(CN) - The Ohio Supreme Court disbarred a former judge who was convicted of accepting bribes and who gave false testimony at his trial.
Steven Terry began to serve as a judge on the Cuyahoga County Court of Common Pleas in 2007.
Four years later, he was convicted of federal conspiracy and mail-fraud charges after he provided judicial favors in exchange for campaign contributions.
Terry was serving as a judge when a campaign supporter, former Cuyahoga County Auditor Frank Russo, convinced him to rule against a bank in a foreclosure action, according to court records.
Terry was sentenced to 63 months in prison, and a panel of the Board of Commissioners on Grievances and Discipline recommended his indefinite suspension from the practice of law.
Because the sentencing judge found that Terry had committed perjury during his criminal trial, the board also recommended Terry's disbarment.
The Ohio Supreme Court approved the recommendation in an unsigned Feb. 25 opinion, after comparing his case to that of Judge Bridget McCafferty, who was suspended for lying to the Federal Bureau of Investigation about her involvement with Russo and former Cuyahoga County Commissioner Jimmy Dimora.
"We find that Terry's actions and resulting criminal convictions are more egregious than those at issue in McCafferty," the ruling states, noting that McCafferty was not charged with misusing her judicial position. "In contrast, Terry was convicted of felony offenses arising from actions taken in his official capacity as a judge - including defrauding and depriving Cuyahoga County citizens and taxpayers of his honest services by soliciting and accepting payments and other things of value from Russo through the U.S. Mail in exchange for favorable judicial action."
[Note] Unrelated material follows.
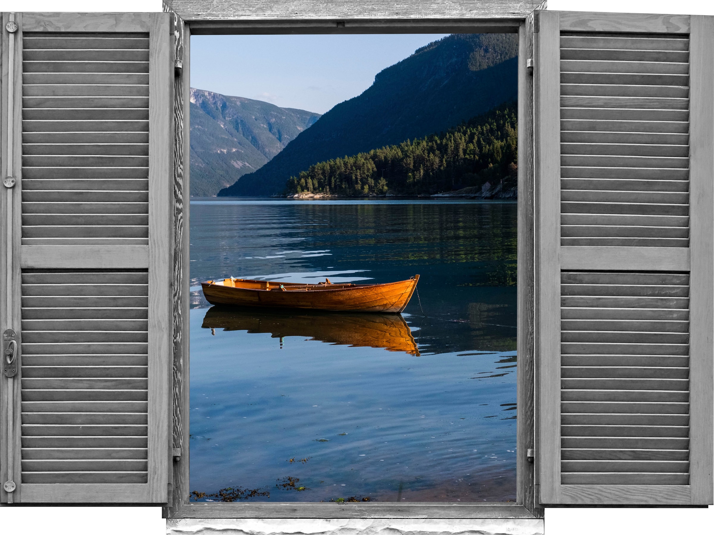 queence Wandtattoo »See mit Boot« Wandsticker, Wandbild, selbstklebend, 3D, Fenster

Justice Judith Ann Lanzinger, in a concurring opinion, stated that Terry's conduct "has brought disrepute to and caused irreparable harm to the judicial system, and it calls for 'the full measure of our disciplinary authority.'"
Justice William O'Neill dissented, writing that he did not find a "meaningful difference" between the conduct of Terry and McCafferty, noting that Terry received "the functional equivalent of the death penalty for a lawyer."
O'Neill recommended indefinite suspension, which would have left the door open for Terry to apply for reinstatement.
"The prospects of that happening are no doubt slim, but I have trust in my colleagues to make the right decision at that time," O'Neill wrote. "I see no benefit to slamming shut that door at this time."